Y chromosome haplogroup: E-M35
Haplogroup information:
Haplogroup E-M35 was one of the Y haplogroups that was common among the
Neolithic farmers from the Middle East who first brought agriculture into Europe
about 9 000 years ago. It has been estimated that the date of the most recent
common ancestor of all E-M35's is 24 000 to 27 000 years ago and that the
probable place of origin was east Africa (Cruciani et al. 2004). It is seen most
frequently along the Mediterranean coast at frequencies of 20-24% in Greece,
10-27% in Italy, and 2-11% in Spain (Semino et al. 2004). It is present at low
frequencies in Britain at 6%, in Germany at 3%, and less than 0.5% in Norway
(Capelli et al. 2003). Haplogroup E-M35 is seen at a frequency of ~ 10% in the
South African White and Jewish population.
STR profile:
Marker DYS19 DYS389I DYS389II DYS390 DYS391 DYS392 DYS393
Profile 14 14 32 24 10 11 13
Range 10-19 9-17 24-35 12-29 6-15 6-18 7-17
Marker DYS385 DYS438 DYS439
Profile 16, 17 10 12
Range 7-25 8-12 8-15
STR Matches:
We compared your Y chromosome STR profile with about 41,000 Y chromosome
haplotypes from a STR database (www.ystr.org). When using all ten markers
(both tables above) we found no identical match. However, when using 7
markers (first table) we found 10 identical matches worldwide, i.e. 4 European, 3
Latin American, 1 North American and 2 matches found in an African population.
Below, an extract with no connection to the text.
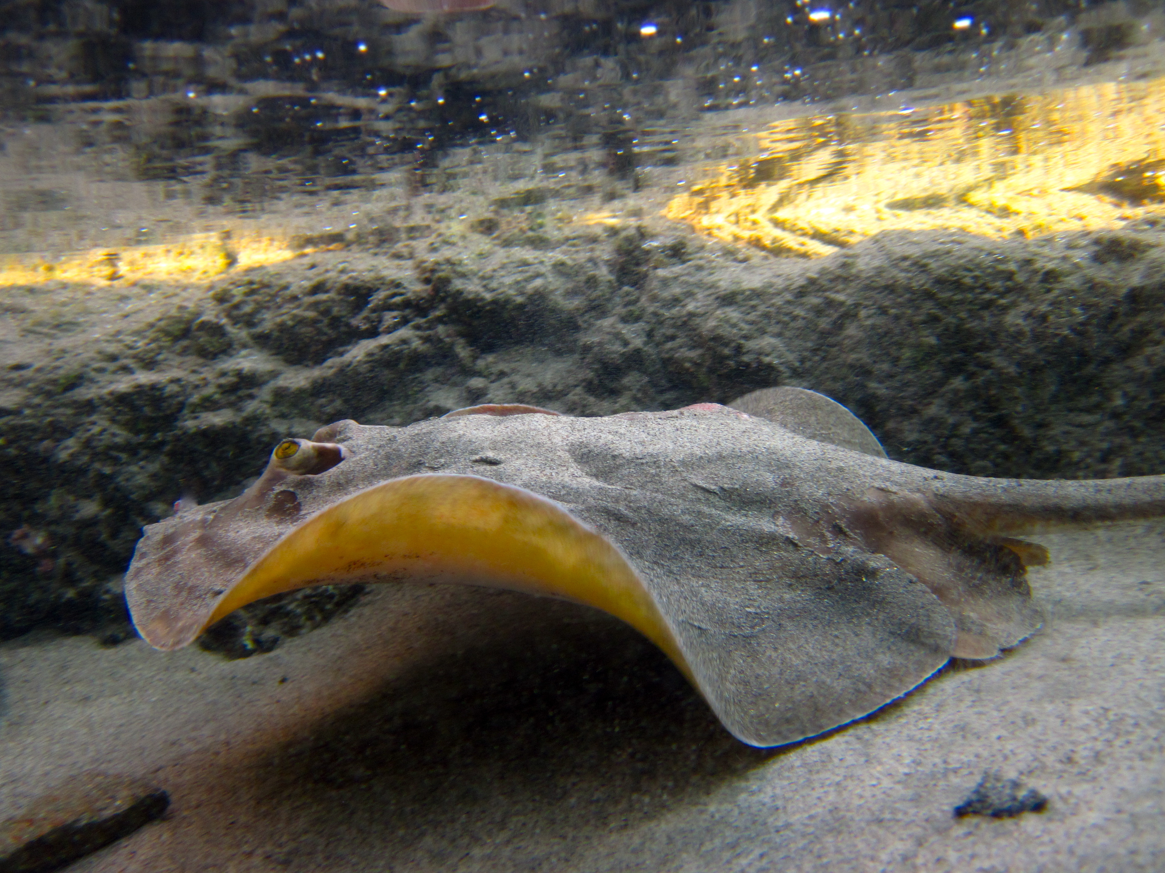 Spot-on-spot round ray (Urobatis concentricus) in a tidal pool, Pescadero on the Baja Peninsula, México.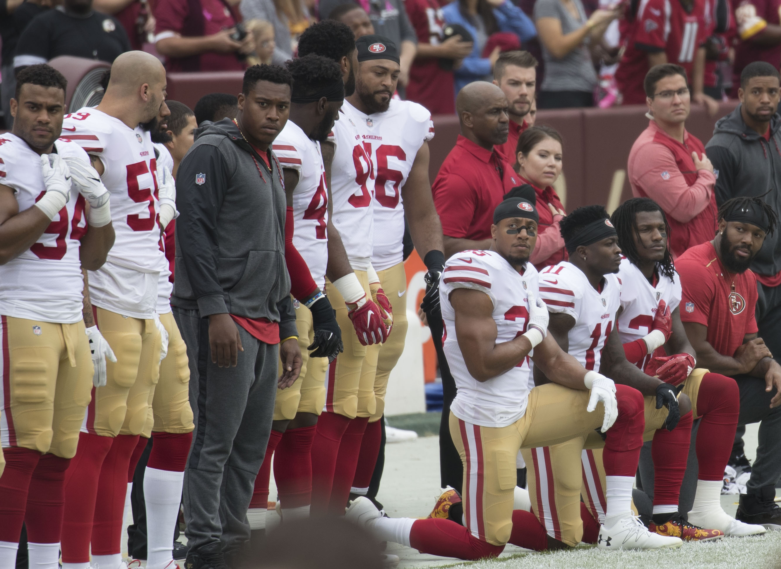 Some members of the San Francisco 49ers kneel during the National Anthem before a game against the Washington Redskins at FedEx Field on October 15, 2017 in Landover, Maryland.

When we searched our local database, using the first seven markers we found
no identical match; closest matches differed by one STR repeat to 2 South
Africans, i.e. 1 Jewish and 1 Coloured
References
Capelli et al. 2003. Curr Biol. 13(11):979-84.
Cruciani et al. 2004. Am J Hum Genet. 74(5):1014-22.
Semino et al. 2004. Am J Hum Genet. 74(5):1023-34.
Salas et al. 2002. Am J Hum Genet 71: 1082-1111.